Conditions elsewhere on Titan are too “wet” because there are more lakes of liquid hydrocarbons. This makes it less likely that the climate will “dry out” enough to form these sand grains.

The Kuiseb river region in Namibia is bordered by wind-blown dune fields. Courtesy NASA. (Click to embiggen.)
The Kuiseb river region in Namibia is bordered by wind-blown dune fields. Courtesy NASA.

If you’re thinking this is all looking very familiar — it is.  Earth’s deserts and dune fields exist in dry climates, where winds can pick up grains of sand and dust and blow them around — forming traveling dunes.

Windblow dunes in and around a crater in the Syrtis Major volcanic region on Mars.
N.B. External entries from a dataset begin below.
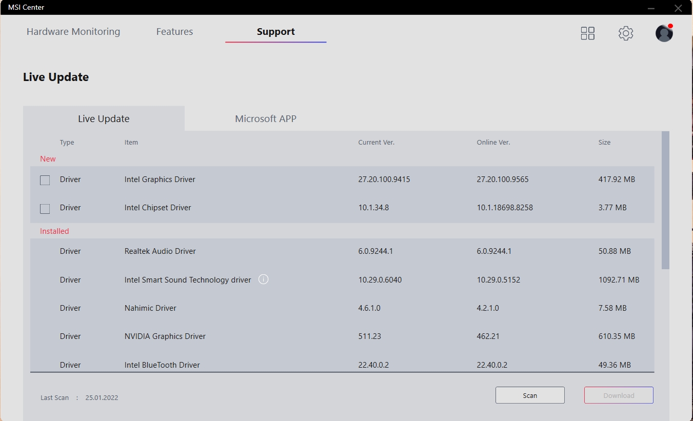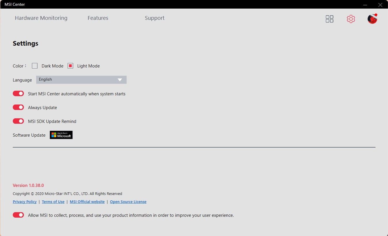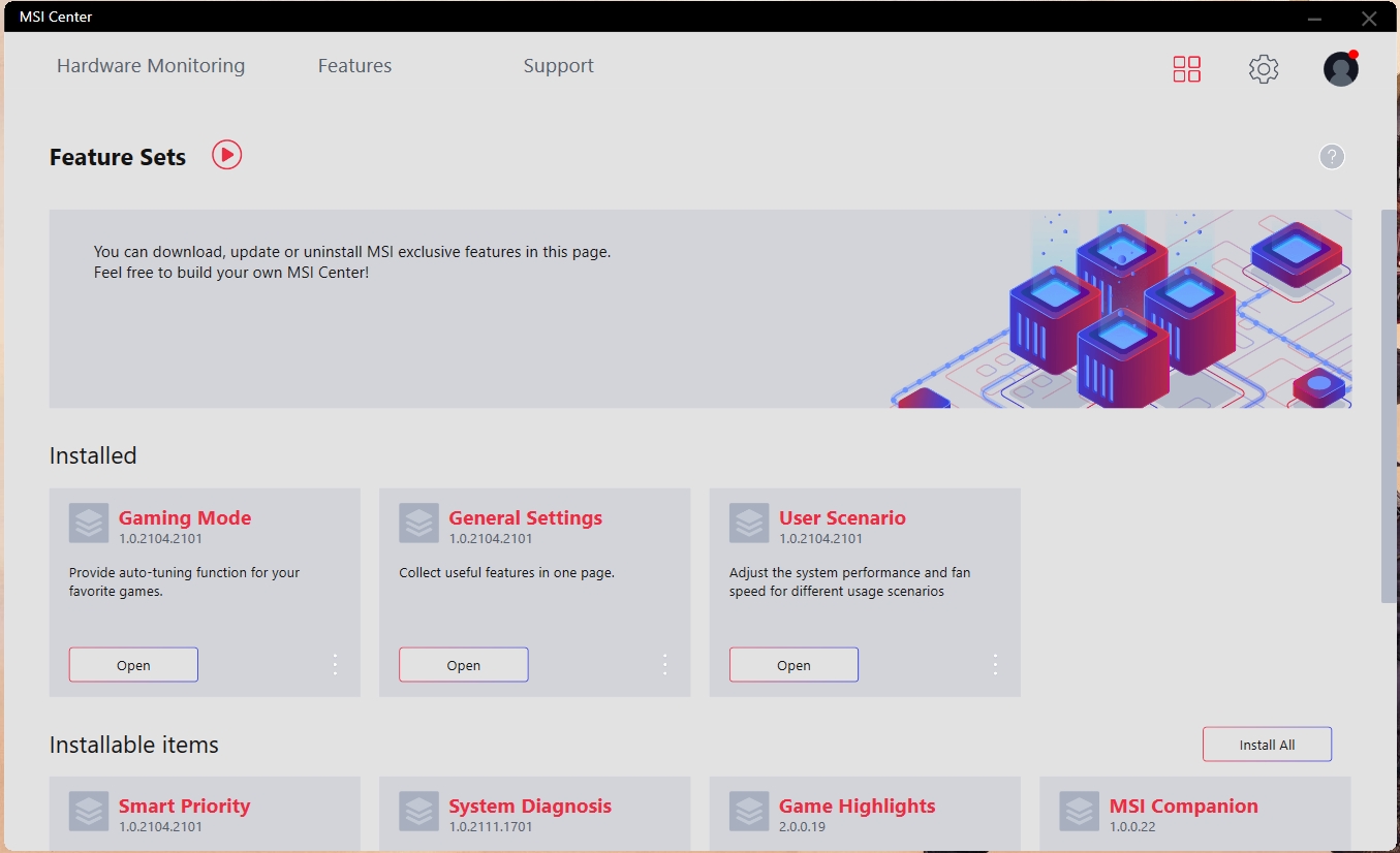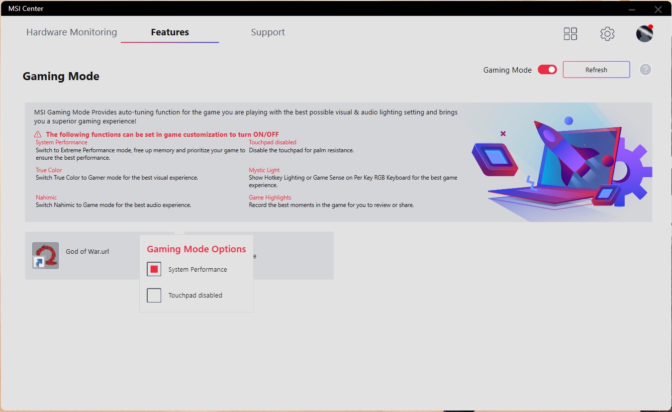Z natywnego oprogramowania warto zwrócić uwagę na MSI Center. Aplikacja pozwala monitorować aktualny stan systemu, pobierać aktualizacje sterowników, przełączać tryby pracy: gamingowy, cichy, energooszczędny, zrównoważony, niestandardowy i ultrawydajny. W tym ostatnim, można na siłę włączyć tryb pracy CO z maksymalną prędkością. Chociaż, jak pokazała praktyka, w trybie automatycznym, urządzenie bez problemu radzi sobie z ogrzewaniem.
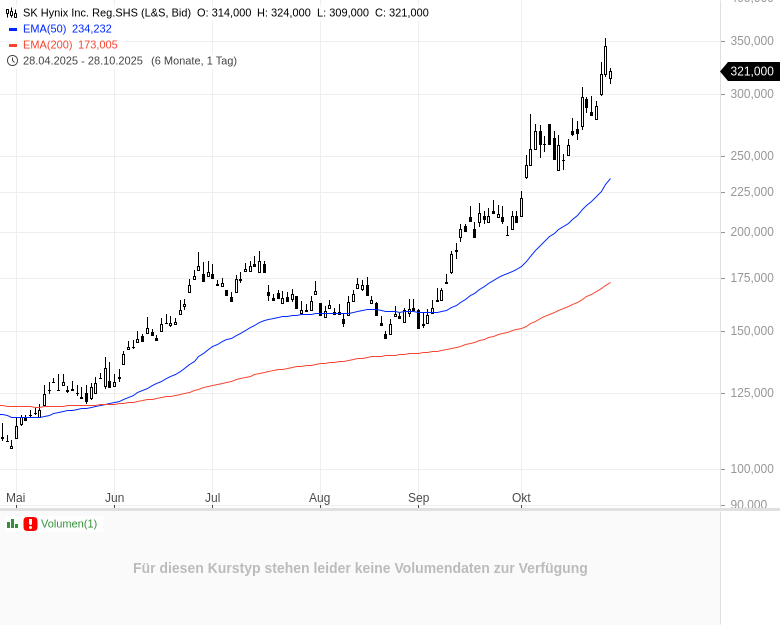 - SK Hynix Inc. Reg.SHSKursstand: 321,000 € (L&S) - Zum Zeitpunkt der VeröffentlichungVerkaufenKaufen
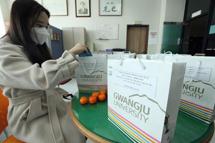 [ÅåÅå´º½º] ±¤ÁÖ´ëÇб³(ÃÑÀå ±èÇõÁ¾)´Â ¡®Äڷγª19¡¯·Î Èûµç ½Ã°£À» º¸³»°í ÀÖ´Â Áß±¹¡¤º£Æ®³² À¯Çлýµé¿¡°Ô ±èÇõÁ¾ ÃÑÀåÀÇ ÀÀ¿ø ¸Þ½ÃÁö¿Í ÇÔ²² ¸¶½ºÅ©¿Í °£½Ä µîÀ» Àü´ÞÇß´Ù°í 12ÀÏ ¹àÇû´Ù.
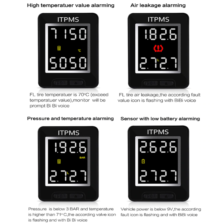 - Hiển thị Bốn bánh xe, áp suất lốp, nhiệt độ lốp, điện áp ắc quy có thể được theo dõi trong thời gian thực
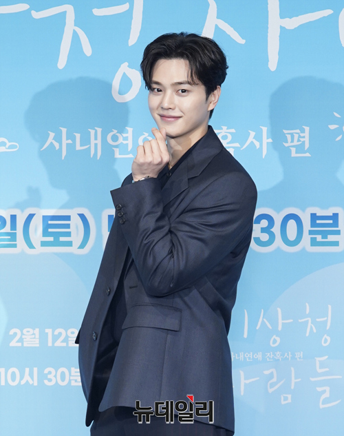 배우 송강이 11일 오후 온라인으로 열린 JTBC 토일드라마 '기상청 사람들 : 사내연애 잔혹사(연출 차영훈)' 제작발표회에서 포즈를 취하고 있다.

Courtesy NASA/Mars Global Survery
Windblow dunes in and around a crater in the Syrtis Major volcanic region on Mars. Courtesy NASA/Mars Global Surveyor. (Click to embiggen.)

We see similar things on Mars, which is peppered with dune fields on its broad plains and inside some of its larger craters.

Anyone who has traveled in the American Southwest, for example, or in the deserts of North Africa, will be familiar with dunes. They move the same way on Earth as they do on Mars and now, Titan.

Images and discoveries like these of dunes on other worlds are all part of planetary science. Or, if you like, comparative planetology. Essentially when we look at other planets, we look for things we can explain and understand based on processes we see and usually understand here on Earth.

What are those processes?  Think of them in terms of what modifies a planet. What changes its surface or its atmosphere?  It’s easiest to think about what happens to Earth over time.  Geologists look at processes like volcanism (the action of volcanoes and volcanic flows), tectonism (faulting and folding of a planet’s outer layer), impact cratering (when projectiles slam into the surface and create craters), and atmospheric processes.  Geology is, in fact, a huge part of planetary science.

In the case of dune creation on Earth and other worlds, planetary scientists focus on the atmospheric processes that shape a planet. These can be things like rain or snow falling onto a surface and changing it in some way. Or, it can be chemical weathering — that is, the action of a chemical like (say) sulfuric acid falling as rain on a surface and eating away at it.  Or, we can see what’s called “aeolian” (wind-blown) changes to a surface. Sometimes this means that a surface is scoured clean by winds. Or, it can mean — as we’ve sen in these images of Titan, Earth, and Mars — that winds are taking what’s already present on the surface — piles of sand and dust — and moving them along, forming dunes as they go.

As we see more familiar processes occurring on other worlds, we can more easily explain them in terms of what we know about from what we see on Earth. These intriguing images, and many others taken by scores of spacecraft at other planets, are — in a very large sense — making us more at home in the solar system, even as they teach us about our own planet’s place in the hierarchy of worlds that orbit the Sun.